-- Opening Marker --

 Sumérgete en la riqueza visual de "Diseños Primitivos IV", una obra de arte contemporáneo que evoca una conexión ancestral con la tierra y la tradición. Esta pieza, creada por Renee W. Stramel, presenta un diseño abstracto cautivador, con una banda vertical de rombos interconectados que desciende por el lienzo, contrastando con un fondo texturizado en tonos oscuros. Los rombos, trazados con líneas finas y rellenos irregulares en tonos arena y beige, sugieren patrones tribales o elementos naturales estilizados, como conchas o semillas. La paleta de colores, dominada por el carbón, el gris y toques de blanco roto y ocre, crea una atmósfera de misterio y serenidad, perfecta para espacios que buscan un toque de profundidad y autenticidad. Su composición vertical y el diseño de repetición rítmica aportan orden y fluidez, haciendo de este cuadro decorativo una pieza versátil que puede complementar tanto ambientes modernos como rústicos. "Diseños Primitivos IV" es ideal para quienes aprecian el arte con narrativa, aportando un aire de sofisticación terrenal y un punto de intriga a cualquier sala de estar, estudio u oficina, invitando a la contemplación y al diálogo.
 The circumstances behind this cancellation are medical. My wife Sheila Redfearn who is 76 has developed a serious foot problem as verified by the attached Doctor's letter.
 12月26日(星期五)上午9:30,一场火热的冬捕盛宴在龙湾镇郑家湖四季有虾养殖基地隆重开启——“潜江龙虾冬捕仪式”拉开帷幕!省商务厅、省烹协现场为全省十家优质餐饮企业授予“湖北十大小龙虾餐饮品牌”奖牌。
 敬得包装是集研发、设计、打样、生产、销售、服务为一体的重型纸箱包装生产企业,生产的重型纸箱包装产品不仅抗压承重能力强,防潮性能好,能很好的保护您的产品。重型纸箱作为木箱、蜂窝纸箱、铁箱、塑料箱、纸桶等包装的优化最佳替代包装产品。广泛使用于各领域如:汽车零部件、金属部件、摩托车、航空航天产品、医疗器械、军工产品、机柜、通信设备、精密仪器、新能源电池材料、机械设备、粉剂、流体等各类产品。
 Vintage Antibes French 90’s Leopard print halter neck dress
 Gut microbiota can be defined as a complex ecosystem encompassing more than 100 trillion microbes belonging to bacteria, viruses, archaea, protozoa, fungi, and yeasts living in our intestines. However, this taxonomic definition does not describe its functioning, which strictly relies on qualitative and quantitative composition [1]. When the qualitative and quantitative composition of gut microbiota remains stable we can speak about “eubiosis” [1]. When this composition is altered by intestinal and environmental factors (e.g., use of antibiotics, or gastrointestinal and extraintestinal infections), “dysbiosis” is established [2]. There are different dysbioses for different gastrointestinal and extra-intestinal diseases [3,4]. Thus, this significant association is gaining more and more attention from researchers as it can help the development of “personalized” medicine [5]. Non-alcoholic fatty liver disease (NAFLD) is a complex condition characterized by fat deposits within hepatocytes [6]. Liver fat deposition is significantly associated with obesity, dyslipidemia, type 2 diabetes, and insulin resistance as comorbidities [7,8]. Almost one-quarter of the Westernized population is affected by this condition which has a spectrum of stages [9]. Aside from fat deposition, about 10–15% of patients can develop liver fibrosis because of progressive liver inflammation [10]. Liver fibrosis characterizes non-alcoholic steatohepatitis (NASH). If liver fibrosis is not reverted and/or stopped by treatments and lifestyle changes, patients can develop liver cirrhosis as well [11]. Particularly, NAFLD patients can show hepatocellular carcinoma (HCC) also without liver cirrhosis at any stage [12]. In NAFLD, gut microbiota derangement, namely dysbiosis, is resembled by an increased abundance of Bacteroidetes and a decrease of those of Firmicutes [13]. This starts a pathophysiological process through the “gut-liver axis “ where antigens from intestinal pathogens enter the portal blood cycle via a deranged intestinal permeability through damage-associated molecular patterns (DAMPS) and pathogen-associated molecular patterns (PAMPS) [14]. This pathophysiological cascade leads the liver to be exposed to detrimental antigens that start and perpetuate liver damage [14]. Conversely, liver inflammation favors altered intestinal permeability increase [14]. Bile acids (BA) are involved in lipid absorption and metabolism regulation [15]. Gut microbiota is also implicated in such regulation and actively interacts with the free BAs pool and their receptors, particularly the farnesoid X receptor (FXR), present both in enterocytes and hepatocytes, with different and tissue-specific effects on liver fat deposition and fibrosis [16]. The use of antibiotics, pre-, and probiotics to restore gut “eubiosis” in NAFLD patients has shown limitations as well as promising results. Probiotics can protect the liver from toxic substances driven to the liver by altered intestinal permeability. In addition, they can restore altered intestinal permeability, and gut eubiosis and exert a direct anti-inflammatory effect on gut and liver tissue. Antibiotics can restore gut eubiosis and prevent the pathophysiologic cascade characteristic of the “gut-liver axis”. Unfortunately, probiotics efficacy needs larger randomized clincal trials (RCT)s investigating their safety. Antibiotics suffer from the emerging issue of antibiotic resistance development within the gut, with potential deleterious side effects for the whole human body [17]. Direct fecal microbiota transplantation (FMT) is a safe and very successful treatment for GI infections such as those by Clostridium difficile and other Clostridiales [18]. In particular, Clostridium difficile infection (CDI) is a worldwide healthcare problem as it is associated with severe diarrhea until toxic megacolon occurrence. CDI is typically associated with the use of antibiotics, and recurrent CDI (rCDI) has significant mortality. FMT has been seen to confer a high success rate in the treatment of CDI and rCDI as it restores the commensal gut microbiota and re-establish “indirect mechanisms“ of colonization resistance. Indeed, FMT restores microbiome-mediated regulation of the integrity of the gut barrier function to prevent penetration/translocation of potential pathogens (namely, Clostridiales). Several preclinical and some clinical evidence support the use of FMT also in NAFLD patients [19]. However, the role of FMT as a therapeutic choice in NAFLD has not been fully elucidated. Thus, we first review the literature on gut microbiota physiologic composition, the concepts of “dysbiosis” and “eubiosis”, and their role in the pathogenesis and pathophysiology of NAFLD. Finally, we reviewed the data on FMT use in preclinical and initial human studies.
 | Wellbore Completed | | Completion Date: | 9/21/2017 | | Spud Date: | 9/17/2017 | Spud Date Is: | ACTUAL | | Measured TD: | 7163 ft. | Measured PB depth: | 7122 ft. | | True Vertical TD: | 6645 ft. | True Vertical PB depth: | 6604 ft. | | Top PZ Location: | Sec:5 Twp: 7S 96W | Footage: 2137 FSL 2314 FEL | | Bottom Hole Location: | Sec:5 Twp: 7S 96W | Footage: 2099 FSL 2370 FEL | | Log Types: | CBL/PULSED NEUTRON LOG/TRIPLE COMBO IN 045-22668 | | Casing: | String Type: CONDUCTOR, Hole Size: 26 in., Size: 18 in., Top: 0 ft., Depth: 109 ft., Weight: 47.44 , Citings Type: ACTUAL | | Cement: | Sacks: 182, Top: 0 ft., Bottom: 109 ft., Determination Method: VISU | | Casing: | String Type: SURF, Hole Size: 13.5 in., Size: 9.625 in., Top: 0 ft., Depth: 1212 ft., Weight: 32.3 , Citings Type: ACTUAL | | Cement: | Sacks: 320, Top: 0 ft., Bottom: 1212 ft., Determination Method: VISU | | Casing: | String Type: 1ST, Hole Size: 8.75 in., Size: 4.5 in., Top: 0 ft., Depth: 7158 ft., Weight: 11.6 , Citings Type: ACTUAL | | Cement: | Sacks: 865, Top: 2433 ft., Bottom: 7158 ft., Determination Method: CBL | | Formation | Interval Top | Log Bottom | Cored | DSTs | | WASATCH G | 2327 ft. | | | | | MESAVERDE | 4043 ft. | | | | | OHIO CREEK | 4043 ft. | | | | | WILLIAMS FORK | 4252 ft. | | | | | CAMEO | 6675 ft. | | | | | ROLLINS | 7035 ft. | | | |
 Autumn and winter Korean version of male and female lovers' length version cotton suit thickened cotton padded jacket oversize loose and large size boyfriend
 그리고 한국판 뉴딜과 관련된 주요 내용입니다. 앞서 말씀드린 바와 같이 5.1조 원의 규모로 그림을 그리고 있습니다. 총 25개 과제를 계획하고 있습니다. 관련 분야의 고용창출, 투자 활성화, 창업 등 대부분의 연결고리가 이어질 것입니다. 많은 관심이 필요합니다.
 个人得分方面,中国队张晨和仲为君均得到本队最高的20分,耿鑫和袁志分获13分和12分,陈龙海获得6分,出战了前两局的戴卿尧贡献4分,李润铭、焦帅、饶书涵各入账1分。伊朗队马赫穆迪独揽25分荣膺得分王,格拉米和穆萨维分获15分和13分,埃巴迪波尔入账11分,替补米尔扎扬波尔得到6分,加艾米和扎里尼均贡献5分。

-- Closing Marker --

> [Your task]:
Every line from the one with "Autumn and winter" to the end of the records above should be returned exactly, and no other lines.

> [Solved problem]:
 Autumn and winter Korean version of male and female lovers' length version cotton suit thickened cotton padded jacket oversize loose and large size boyfriend
 그리고 한국판 뉴딜과 관련된 주요 내용입니다. 앞서 말씀드린 바와 같이 5.1조 원의 규모로 그림을 그리고 있습니다. 총 25개 과제를 계획하고 있습니다. 관련 분야의 고용창출, 투자 활성화, 창업 등 대부분의 연결고리가 이어질 것입니다. 많은 관심이 필요합니다.
 个人得分方面,中国队张晨和仲为君均得到本队最高的20分,耿鑫和袁志分获13分和12分,陈龙海获得6分,出战了前两局的戴卿尧贡献4分,李润铭、焦帅、饶书涵各入账1分。伊朗队马赫穆迪独揽25分荣膺得分王,格拉米和穆萨维分获15分和13分,埃巴迪波尔入账11分,替补米尔扎扬波尔得到6分,加艾米和扎里尼均贡献5分。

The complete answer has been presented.